A delegate from the Philippines touched on the partnership between the government, industry and academia in supporting practitioners with digitalisation. He shared insights from a student competition where the group was tasked to construct a miniature bridge. The students were paired with industry mentors who guided them in harnessing traditional constructability methodologies whilst utilising new digital tools for their project. This was a perfect way of improving knowledge when mentors could guide students on the actual challenges with construction efforts with the students then adapting the tools used to achieve the outcomes.
In addition, Mr Shaiful Bahari shared about Boustead Properties’ engagement workshops. He said that internally, organisations must engage their people and collaborators. Boustead applied both a top-down and an organic approach from the ground up. They also engaged their subcontractors to get them on board the company’s digital journey.
ACF chairperson Foo Chek Lee emphasised that construction companies need to lead the way in digital transformation as financial constraints hold local contractors back from adopting digitalisation.
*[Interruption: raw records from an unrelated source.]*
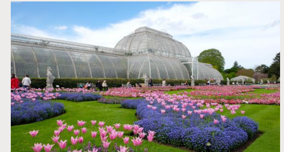
Kew Gardens in the spring

Fun fact about yourself? As well as working at LSHTM, I am a practicing artist and regularly exhibit my artwork.
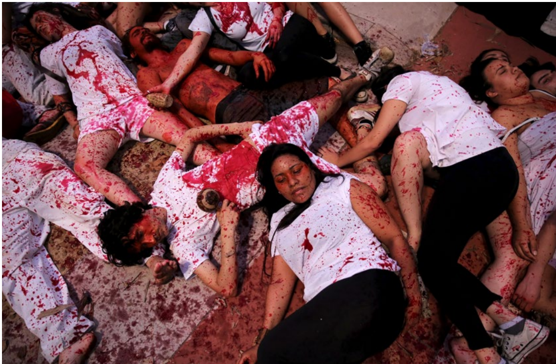
Activists covered in fake blood perform during a protest against the death of Semiao Vilhalva, a leader of the Guarani Kaiowa tribe, in Sao Paulo September 17, 2015. The organisers of the protest said Vilhalva was shot dead on August 29 during a confrontation with men trying to expel tribe members from land the tribe had earlier occupied in the municipality of Antonio Joao, Mato Grosso do Sul state. Police are investigating the case.

Police are however not the only actors posing risks to human rights defenders. Depending on the topics they are working on and whose interests they are opposing, human rights defenders may become subject to threats or attacks by a range of non-state actors. Those denouncing impunity and violations committed by armed groups, for example, may be subjected to threats and harassment by those groups, while private corporations may obstruct the activities of defenders working on labour rights or on the exploitation of natural resources. Defenders working on domestic violence may receive threats from the perpetrators or family members. There have also been instances in which community leaders and faith-based groups have resorted to attacks against defenders working on LGBTI issues or on violence against women. 38
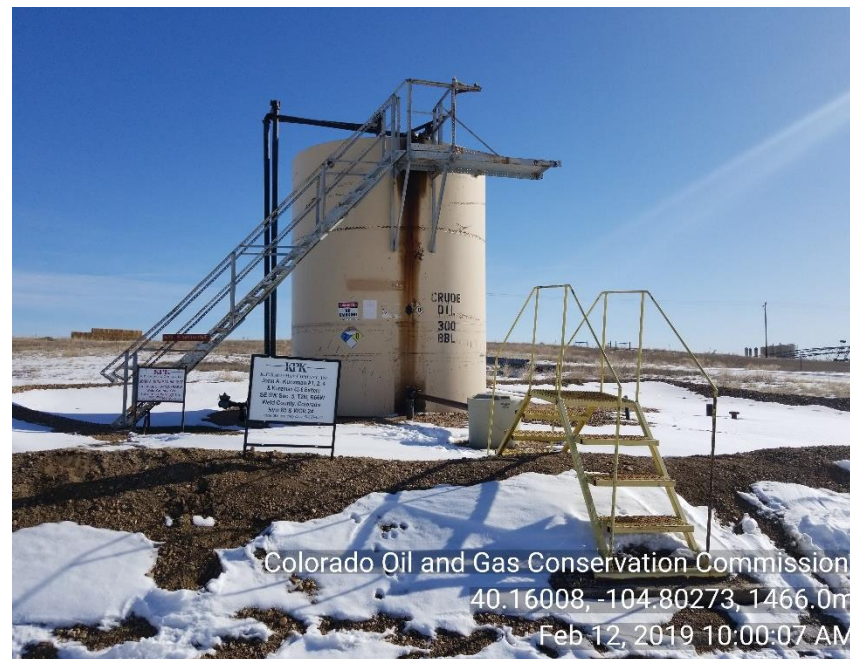
Photo 2 TNK BTRY

Madhu Aravind K, project manager, construction division at ITC India added that subcontractors need support and the right framework to embrace digital tools. ITC ensured that there was clear and transparent communication with subcontractors to facilitate their usage of the tools instead of simply pushing them to purchase. ITC also endeavoured to demonstrate how its processes were improved first before encouraging its subcontractors or clients. This paved the way for the subcontractors to experience first-hand the efficiency and cost-saving benefits of working on a digital platform.
Mr Oberoi further highlighted, “As much as digital construction is the way forward for the industry, it needs the buy-in and participation of all stakeholders in the ecosystem, and from all levels within the organisation.” With that in mind, Mr Shaiful Bahari quoted an African proverb that best sums up the collaborative nature of the industry, “If you want to go fast, go alone. If you want to go far, go together.”
According to Mr Oberoi, a confidential report from the roundtable will be presented to the ACF leadership of the findings, including an action plan to work towards next year’s conference.